# An Introduction to Japanese Text Mining: Part One

![Japanese Text Mining](images/japanese_text_mining.jpg)
Check out the [Emory University workshop blog](https://scholarblogs.emory.edu/japanese-text-mining/) on Japanese Text Mining. The example notebook cells below repeat the steps in the [tutorial](http://history.emory.edu/RAVINA/JF_text_mining/Guides/Jtextmining_intro_part2.html) of Mark Ravina using python instead of R. The quoted text below is directly from Ravina's article, with minor word changes for python syntax.

## Imports

In [None]:
import re
import requests
import pandas as pd
import plotly_express as px

## Regex

> Regex is short for “regular expressions.” Think of regex as an extreme version of searching in a word processor using “wild cards.” We can search not only for specific strings, but types of strings, such as lowercase letters or kanji or kana, and narrow our search based on position and the surrounding text. There are entire books dedicated to regex, but we’ll cover the core concepts to get you started.

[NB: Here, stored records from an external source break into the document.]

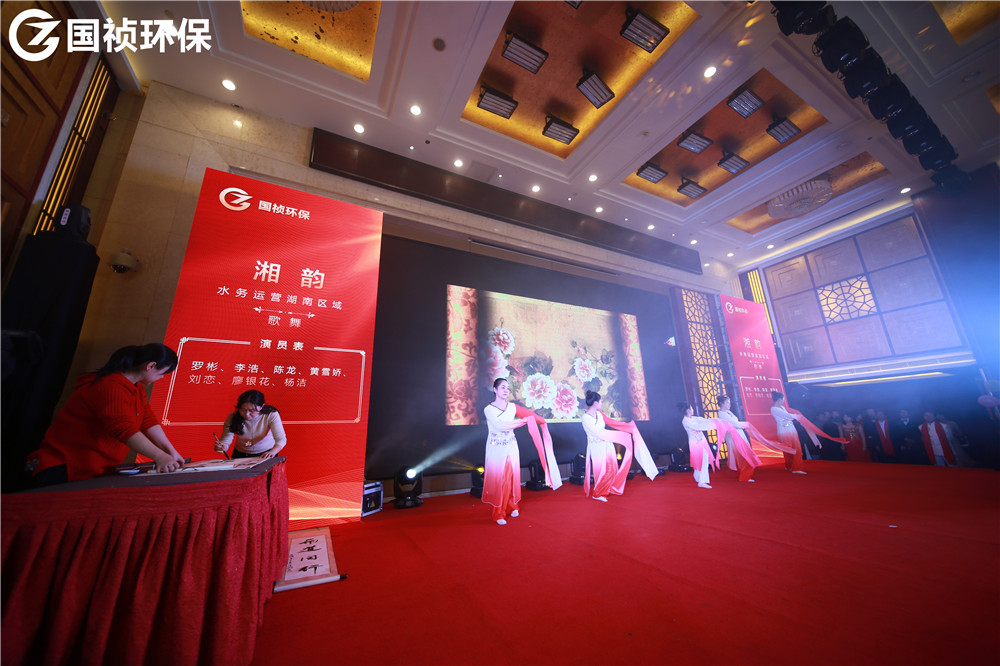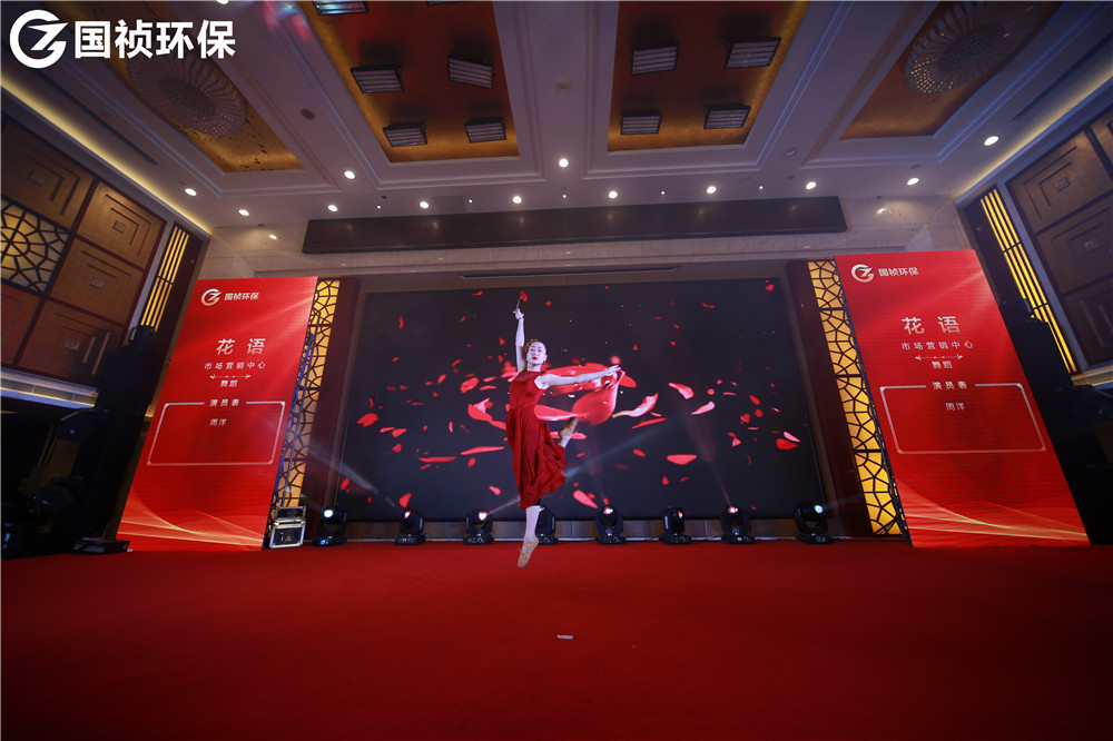 頒獎(jiǎng)典禮也穿插了很多表演節(jié)目。貝斯、打碟、神曲……什么流行來什么,怎么專業(yè)怎么玩!一則《熱舞串燒》迅速點(diǎn)燃?xì)夥??!断骓崱非擅顚⒗收b、書法、舞蹈、獨(dú)唱合為一體,《花語》《家鄉(xiāng)美》《九九女兒紅》等演員舞姿曼妙,《平凡之路》《成都》《海闊天空》《友誼之光》等歌曲余音繞梁、悅耳動(dòng)聽,詩朗誦《麥王傳情、光耀大地》情感熱烈飽滿;手語表演《夜空中最亮的星》向所有獻(xiàn)身環(huán)保公益事業(yè)的人致敬;《不差錢》《辯論賽》《國禎好聲音》等語言類節(jié)目包袱滿滿,讓宴會(huì)廳充滿歡聲笑語。《國禎新聞聯(lián)播》作為唯一一個(gè)連續(xù)四屆登上“國禎春晚舞臺(tái)”的小品,每年都說“再也沒有下一屆”,可每年都上演大型“真香”現(xiàn)場?!都状笕酥┰健分忻枥L國禎環(huán)保項(xiàng)目的詩文竟然是全部出自公司副總經(jīng)理、水環(huán)境治理事業(yè)部總經(jīng)理王立余之手,真是才華橫溢、滿腹經(jīng)綸。由C位出道、超人氣男團(tuán)“國禎F6”傾全力打造的《中年陣線聯(lián)盟》節(jié)目引得大家歡呼不斷、鼓掌不停,觀眾宛如新聞發(fā)布會(huì)記者,恨不得將整段節(jié)目一秒不差全都記錄下來,現(xiàn)場熱鬧氣氛也達(dá)到了高潮,頒獎(jiǎng)典禮最終在《我愛你國禎》的高亢優(yōu)美女高音中落下帷幕。
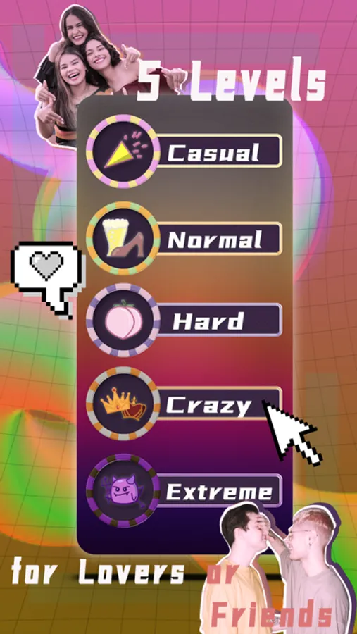 Modes designed for Couples and Groups. A well-designed truth or dare game always can help to build strong connections between you and your friends/partner.
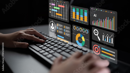 A person typing on a keyboard in a modern workspace, surrounded by vibrant data visualizations and analytics dashboards displayed on a transparent screen for enhanced productivity. Gantry
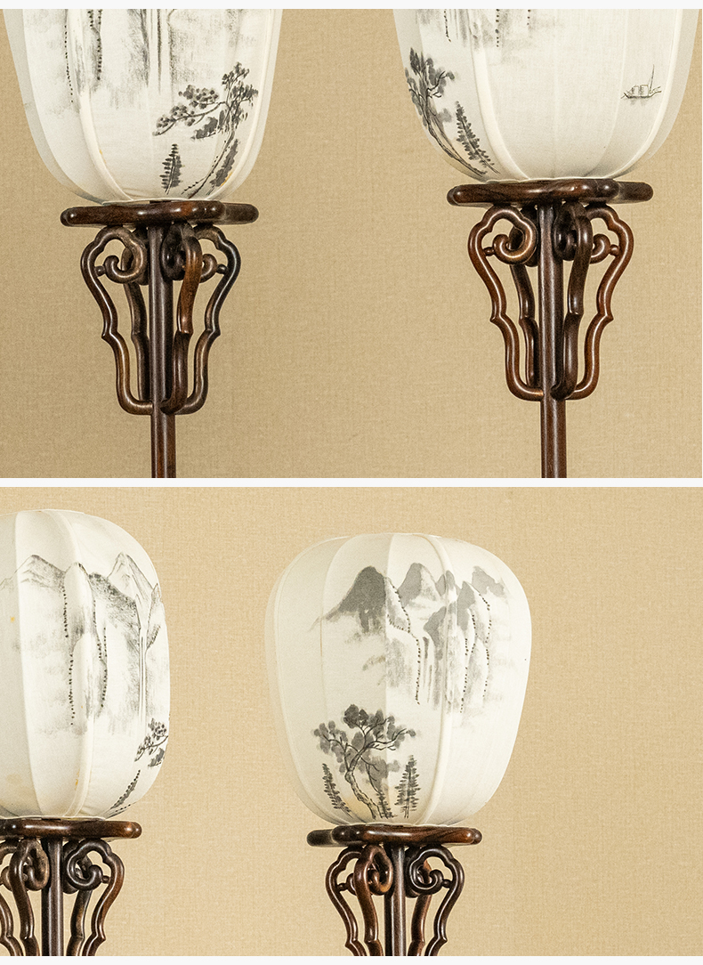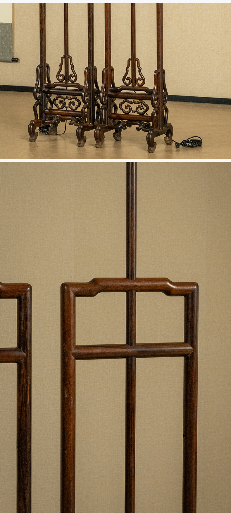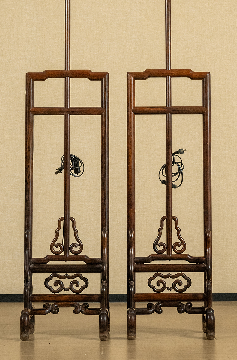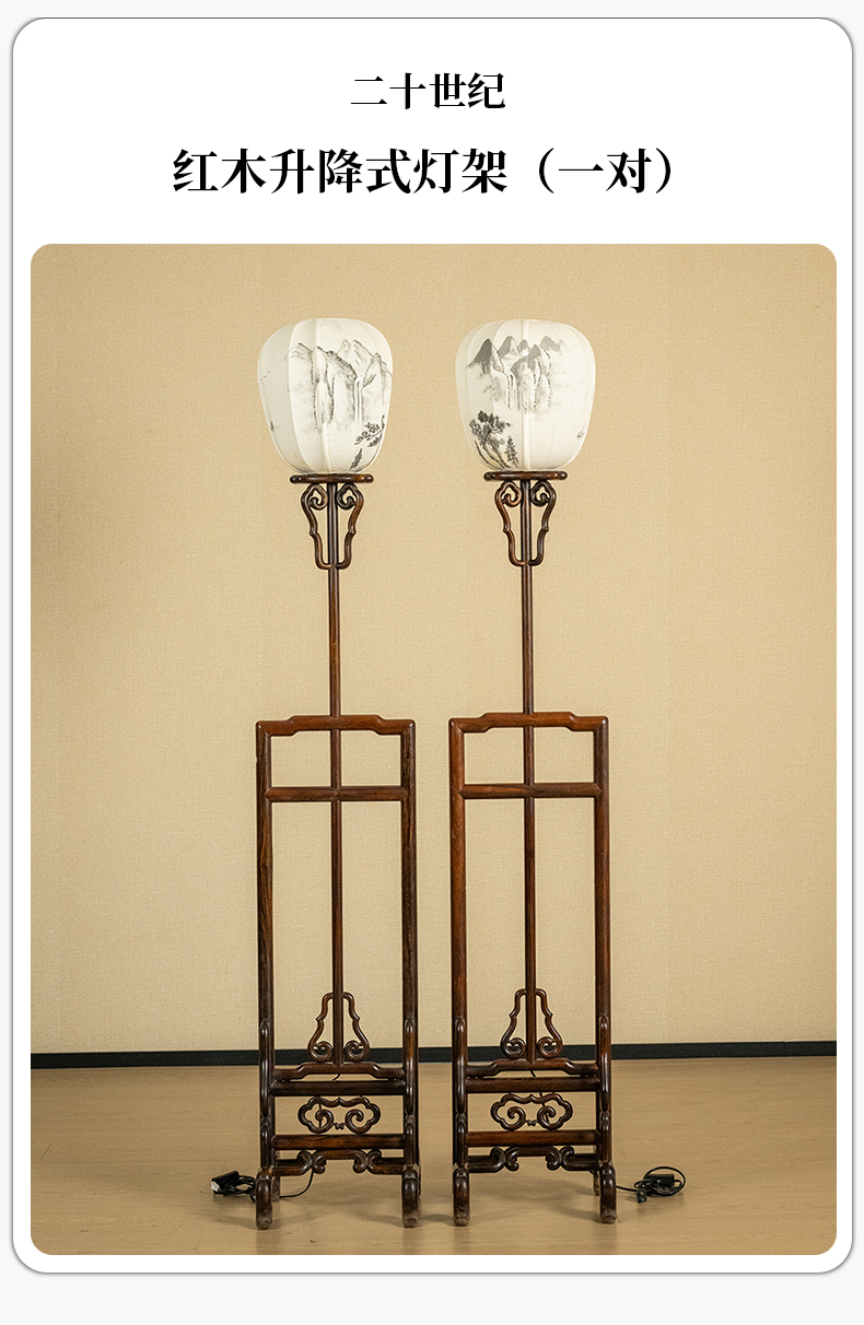二十世纪 红木升降式灯架(一对)
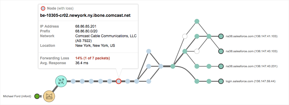 On Monday morning, November 6th 2017, from 9:45am-11:25am Pacific, Comcast suffered a nationwide outage sending several million users of the popular Internet Service Provider into a frenzy. Our analysis has revealed that Level 3 leaked over a thousand routes belonging to Comcast subsidiary networks and their customers. The immediate effect was that instead of traffic going through the Comcast backbone to reach these networks, traffic was forced to go via Level 3. The result for all the attempted communication was a significant spike in packet loss and latency, causing many Internet services and applications like Slack and Webex to become functionally unusable. In today’s era of interconnected networks and Internet reliant businesses, yesterday’s outage is yet another reminder of the complex dependencies and vulnerability of the Internet.
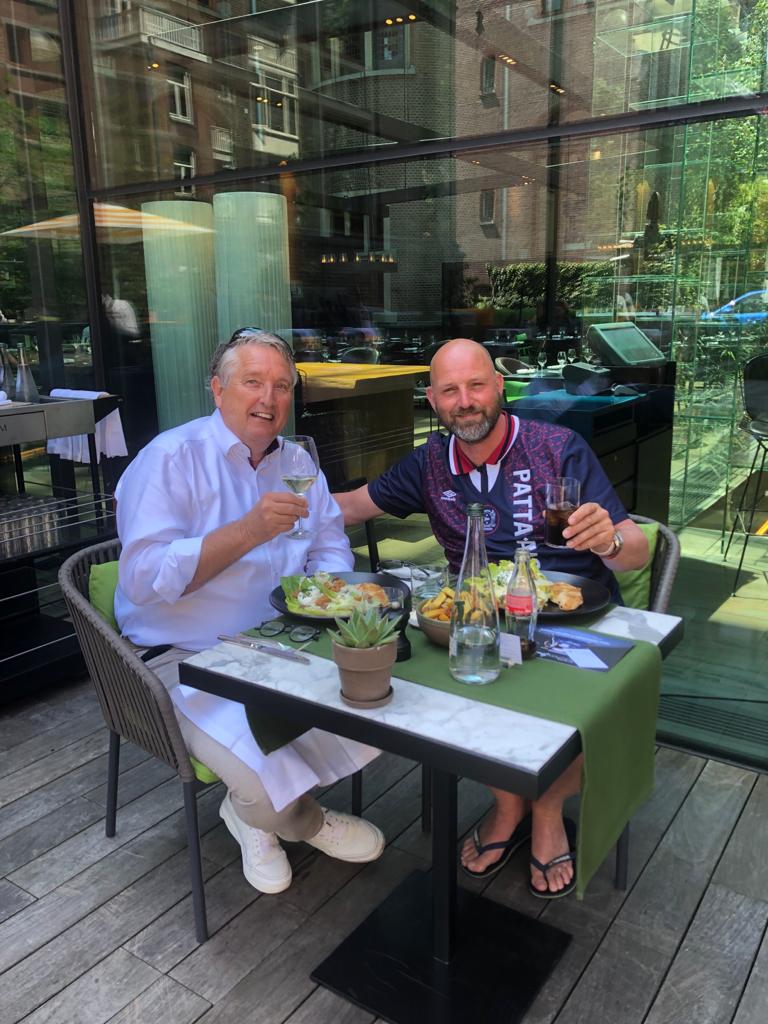 Onze gezamenlijke lunches: twee directeuren die tijdens een te dure lunch ergens op de ZuidAs met wel weer erg lekkere gerechtjes en goede koffie en passant een paar belangrijke afspraken maken en tussendoor alle zaken met een korreltje zout nemen en lekker ons eigen gang gaan.

> Let’s begin with a simple example: we’ll search a few characters before and after a given string. In regex, the “period” character “.” means “any character, including whitespace.”

In [None]:
string = "これはペンです"
pattern = "は"
re.findall(pattern, string)

In [None]:
string = "これはペンです"
pattern = ".は."
re.findall(pattern, string)

In [None]:
string = "これはペンです"
pattern = "..は.."
re.findall(pattern, string)

> The function `re.findall`, as the name suggests, finds all the strings matching the pattern argument. (Argument is the technical term for the details of a function or command.) More interesting is the role of the period in that pattern argument. Note how the argument pattern = “..は..” gets two characters on either side of “は”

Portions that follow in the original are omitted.